An integrated framework to measure the energy consumption of a parallel application on a computational grid

D.B Srinivas†, Puneeth R.P††, Rajan M.A†††, Sanjay. H.A††††

†Nitte Meenakshi Institute of Technology, Bangalore,India
††Nitte Meenakshi Institute of Technology, Bangalore,India
†††Tata Consultancy Services, Bangalore,India
††††Nitte Meenakshi Institute of Technology, Bangalore,India

Summary
Grid computing is the forerunner for deploying high performance scientific parallel applications. Execution of parallel application on computational grids generally consumes enormous amount of energy. Energy requirements for computation grids are increasing in nonlinear fashion due to massive digitization of the physical world.
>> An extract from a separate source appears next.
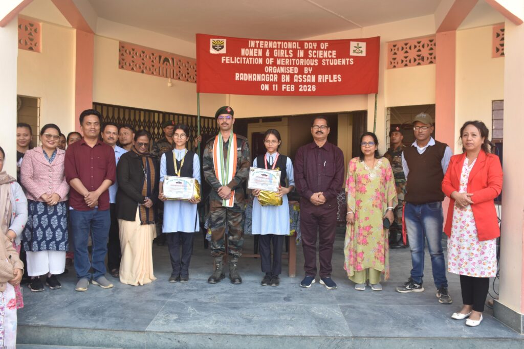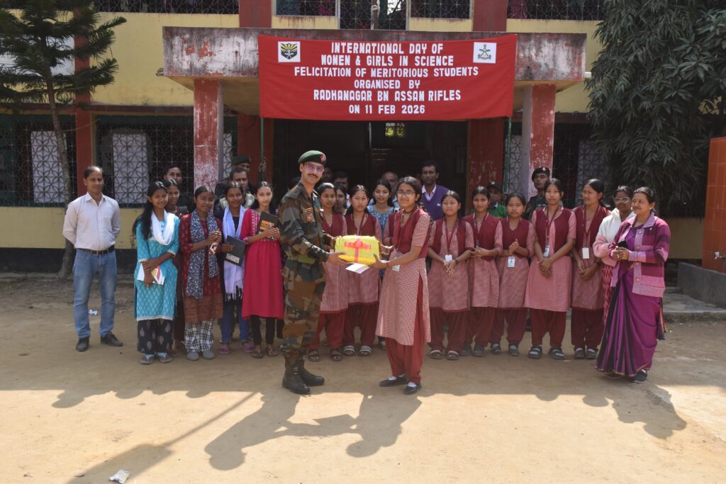 Agartala, Tripura, 14th of February, 2026 : On the occasion of International Day of Women in Science, Assam Rifles  organised a felicitation ceremony at multiple schools to recognise and encourage girl students excelling in science subjects. The events were conducted at five schools, to include Fatikroy Govt Higher Secondary School, Kumarghat Girl’s Higher Secondary School, Holy Cross School, Fatikroy Girl’s High School and Ambedkar College, where meritorious girl students were honoured for their academic performance in science.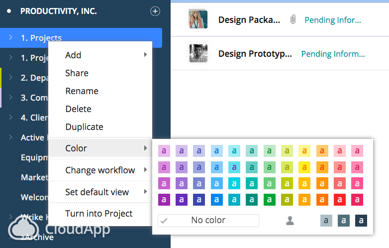 I have created a folder for each of my products, but now when I go to Timeline and look at 'My Work' I see a huge mess of bars, with no separation. A simple fix would be to apply a 'color' to a folder, and everything within it matches a color. Same rules applicable to tags when they are a feature.

As a result of this Capital Expenditure (CAPEX) and Operational Expenditure (OPEX) of computational grid requirements are also increasing. One way to reduce this is to minimize the energy consumption. To envisage this, it is essential to understand the energy consumption by parallel applications. As part of this work, we proposed a novel energy measurement framework based on software approach for parallel applications. Further we validate the framework for measuring energy consumption of a parallel Message Passing Interface (MPI) application on a computational grid with varying workloads.

Key words: computational grid, parallel application, energy, clock cycles.

1. Introduction
Computational grid is composed of a set of heterogeneous nodes that are spatially distributed for parallel applications. Hence grid computing is an attractive domain for High Performance Computing (HPC) applications. In recent years, new computationally intensive scientific applications are becoming more and more prominent [1]. Due to the technological advancements in Information Communication Technologies (ICT), people around the world are increasingly using digital applications for their day-to-day activities. To support this, telecom operators are building large data centers that are interconnected across the world using computational grids. Further it is estimated that Internet users are demanding high bandwidth and which is growing at a rate faster than that of processor speed. Therefore to enable this, the best way is to interconnect the high speed computing nodes to Internet in an efficient manner [2]. From these requirements, it is evident that grid computing is a good paradigm to enable an efficient way of managing large data centers to enhance users’ digital experience. To accomplish this, large number of parallel applications are running on computational grids.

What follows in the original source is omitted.